De verklaring van Tierney's aanpak moeten we mogelijk zoeken in een wel heel traditionele opstelling ten aanzien van de indianen. Telkens opnieuw schildert Tierney hen af als slachtoffers van Chagnon, Neel of andere boosaardige westerlingen. De indianen kunnen zich niet weren tegen de spelletjes van deze 'kolonisatoren'. Tierney kiest zonder dralen de zijde van de fanatieksten onder de indianenbeschermers en meet zich hun paternalistische houding aan.

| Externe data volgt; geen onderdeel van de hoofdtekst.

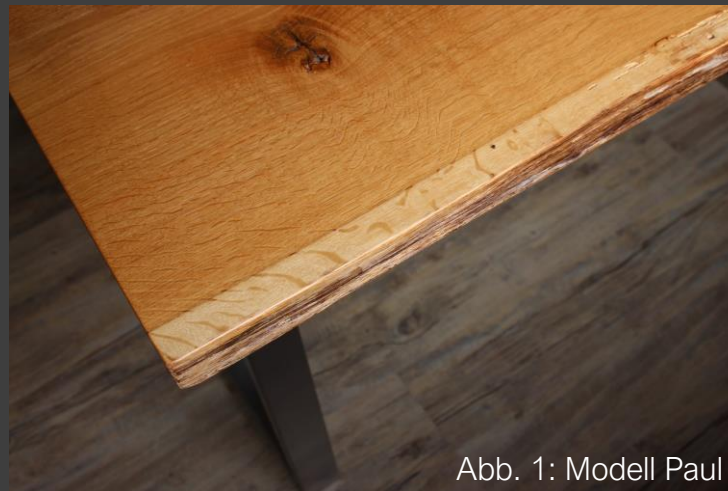
Abb. 1: Modell Paul

Dank seiner Tischplatte aus Massivholz ist dieser Tisch besonders ausdrucksstark und verbreitet ein natürliches Flair. Um der massiven Holztischplatte den individuellen, authentischen Look zu verleihen, durchläuft sie mehrere aufwendige Arbeitsschritte in der Fertigung. Die Struktur und der Verlauf des Holzes können hierbei z. B. durch Lack dezent betont werden, wodurch die Oberfläche zudem geschützt wird. Durch die organische Baumkante ist jedes Möbelstück ein echtes Unikat.

Dat klinkt een beetje als Max Havelaar en Bartolomeus de las Casas, maar was niet juist Max Havelaar deel van het Nederlandse kolonialisme? En eiste - en kreeg - De las Casas niet een eigen territorium in Guatemala om de indianen te koloniseren volgens de regels van de Kerk? De betogen van deze zogenaamde beschermers van de indianen vind ik doorgaans ergerlijk. De indianen worden als nobele wilden romantischer en exotischer beschreven dan nodig is. De westerling neemt een (neo)koloniale houding aan in zijn kennelijke behoefte om binnen een uitheems spiegelbeeld, vol mythologie en mysterieuze magie, de opvatting te huldigen dat de indiaan niet als 'volwassene' in het leven zou staan en als een soort kind zijn hulp behoeft.

Deze strijd om de geest van de indiaan is al meer dan vijfhonderd jaar aan de gang. De stem van de indiaan zelf klinkt daarin nauwelijks zelfstandig door. Curieus genoeg geloof ik dat juist Chagnon, ondanks zijn dolle aanpak en betwistbare conclusies, in de eerste helft van zijn boek aardig in de buurt is gekomen van een acceptabele representatie. Zijn Yanamamö zijn allesbehalve nobele wilden, maar levende mensen. In Tierney's werk daarentegen is nauwelijks een Yanomamö aanwezig, er zijn slechts karikaturen.

Arij Ouweneel is verbonden aan het Interuniversitair Centrum voor Studie en Documentatie van Latijns Amerika te Amsterdam en is bijzonder hoogleraar Antropologie en Etnohistorie van de Indiaanse Volken aan de Universiteit Utrecht.